Python is used to get the S&P500 data, C++ code runs the MonteCarlo simulations in one thread and visualizes with DearImGUI in another. For each simulation, we update the portfoli value per month, using monthly returns that are sampled either from:
- Gaussian with mean/std
- historical data (S&P500)
C++ side: simulations + visualization with DearImGui
- requires g++-10 and CMake 3.19!
sudo pip install cmake --upgrade
sudo apt install -y g++-11 && update-alternatives --config g++
sudo apt install libfmt-dev libglfw3-dev
mkdir build && cd build
cmake .. -GNinja && ninja && cd ..
# get historical stock data with Python Yahoo-finances
conda create --name smmc -y python=3.10
conda activate smmc
pip install -r python/requirements.txt
python python/get_data.py get_data_SP500
# now run the simulations and visualize
# following runs for 30 years (360 months), 1000000 simulations
./build/visualize_returns_cpu 360 1000000
# for lots of simulations (>10 million), 'v2' stores only the final result, not all intermediate values.

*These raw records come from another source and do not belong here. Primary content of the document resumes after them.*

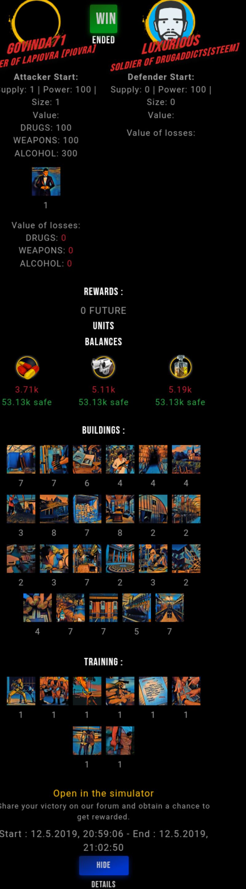 Check my latest fight ! govinda71 vs luxuriousgovinda71 (62)in #drugwars-fight • 7 years ago #gaming #fight #dw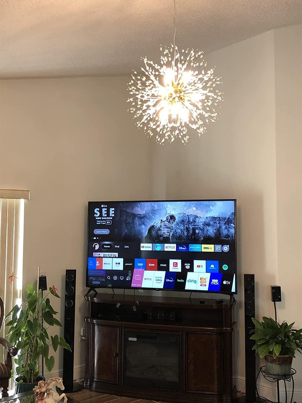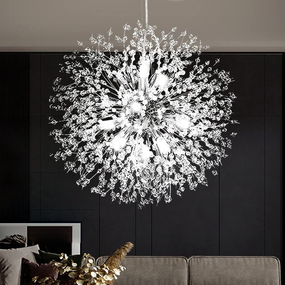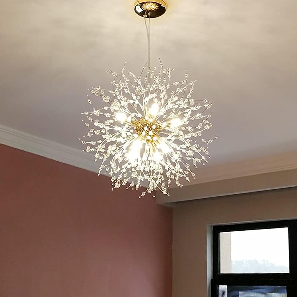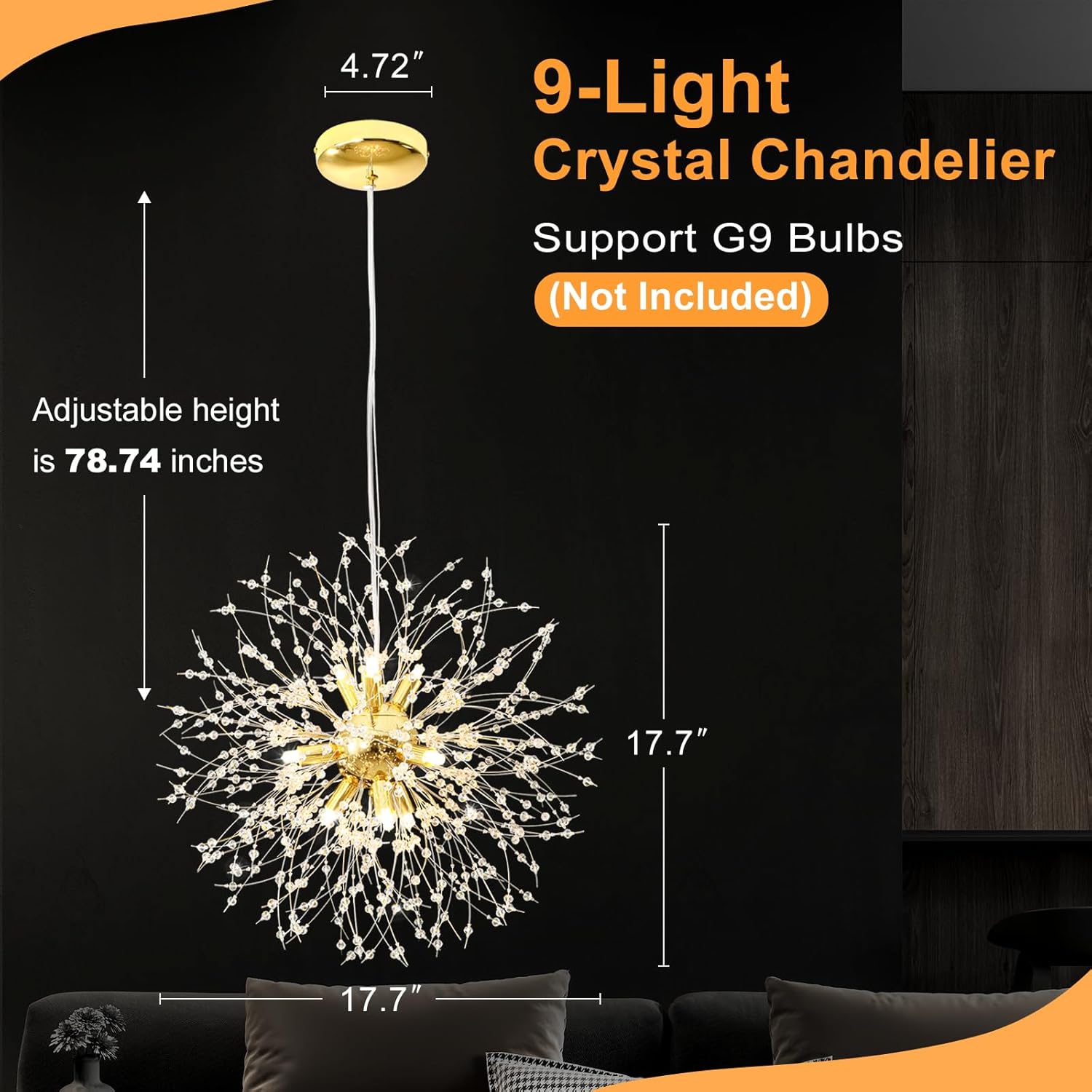 Yiisem Gold Crystal Chandeliers, 9-Light Modern Dandelion Firework Pendant Lighting, G9 Hanging Chandelier Light Fixtures for Dining Room Bedroom Hallway Kitchen Aisle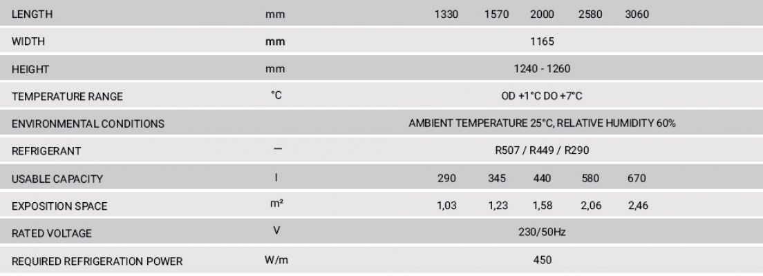 - Cooling system: dynamic- Integral condensing unit (plug in)
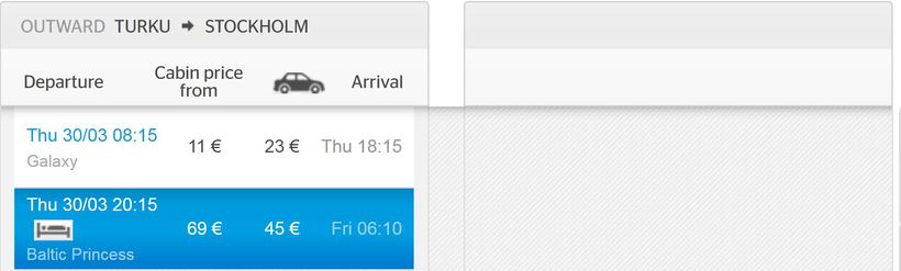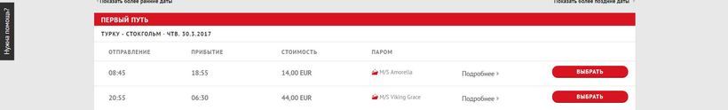 Как видно, кораблей также два, они носят названия Amorella и Viking Grace. Корабли достаточно сильно отличаются друг от друга, Amorella это старый паром 1988 года постройки, а Viking Grace спущен на воду в 2013, потому и билеты на него дороже.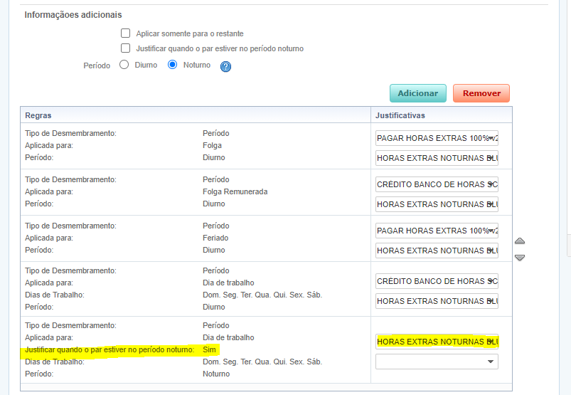 Ao selecionar a opção Justificar quando o par estiver no período noturno, o sistema irá utilizar a justificativa apenas nas ocorrências que se iniciam e terminam no período noturno.

# this speeds things up and mostly saves lots of memory
./build/visualize_returns_cpu_v2 360 10000000
If you have an NVIDIA GPU with CUDA, there's also a GPU version which can do hundreds of millions of simulations in a few seconds.
build/visualize_returns_gpu 1 360 1000000000
- run C++ program that writes simulation results to CSV files:
- simulation assuming stock market is Gaussian:
build/monte_carlo_simulated
- simulation based on historical data:
build/monte_carlo_historical
- simulation assuming stock market is Gaussian:
- plot with python & matplotlib
- plot single simulation:
python python/plot_returns.py plot_returns --csv_file=outputs/gaussian_00001.csv
- plot many simulations:
python python/plot_returns.py plot_many_returns --max_n=100 --dir=outputs/
- plot single simulation:
CPU: Ryzen 7 5800X 8-Core, 3.6GHz GPU: NVIDIA RTX 3070
- 360 periods, 100.000.000 simulations
Program | Time (s) | Memory (GB) |
---|---|---|
CPU v1, single core | 479.52 | ~28 |
CPU v1, openMP | 85.26 | ~28 |
CPU v2, openMP | 41.81 | ~0.5 |
GPU | 1.76 | ~0.5 |
GPU, optimized | 0.26 | ~0.5 |
GPU, reduceBlock | 0.13 |
// TODO: un-optimized GPU variants? -> see executables.... what do the versions mean??
build/benchmark_mc_cpu 360 100000000
build/benchmark_mc_cpu_v2 360 100000000
build/benchmark_mc_gpu 1 360 100000000
build/benchmark_mc_gpu_reduceBlock 1 360 100000000
You can also use Google Benchmark, which allows easy comparison between versions. Edit benchmark_mc_gpu_google.cpp with the function/arguments, recompile, and then:
build/benchmark_mc_gpu_google --benchmark_out=benchmark_output/bench.json --benchmark_repetitions=10
cat profiling/bench.json
Compare 2 run:
python benchmark/tools/compare.py benchmarks benchmark_output/baseline.json benchmark_output/contender.json
see profiling/howto.sh
# with GPU 2
CUDA_VISIBLE_DEVICES=1 sudo -E /usr/local/cuda/bin/nv-nsight-cu-cli -f --devices 0 --target-processes all --set full --call-stack --nvtx -o `pwd`/profiling/ncu_1k_1M_bs256_v3 "build/benchmark_mc_gpu_bs256_v3" 1000 5000000
checking races in CUDA kernel:
compute-sanitizer --tool racecheck build/benchmark_mc_gpu_reduceBlock 1 360 1000000
- gaussian monthly returns, calculate fund value after N periods
- monte carlo simulation of (1)
- use historical return data
- visualization of fund value and average returns
- GUI with imgui to see progress while simulating,
see implot
- separate threads for simulation and visualization
- slider for final amount & probability of reaching that
- c++ executable with arguments to avoid need to recompile
- Monte Carlo simulation with openMP
- Monte Carlo simulation on GPU
- optimize kernel w/ Nsight Compute (fancy local PRNG, shmem, etc)
- summarize per-block to reduce CPU-GPU transfers
- multi-GPU
- multi-GPU (async overlapping data transfer)
- fix visualize_returns_distribution_gpu_reduceBlock: histogram/statistics aren't correct.
- withdrawal strategies
- taking out fixed amount every period
- taking out some percentage every period
- taking out varying percentage every period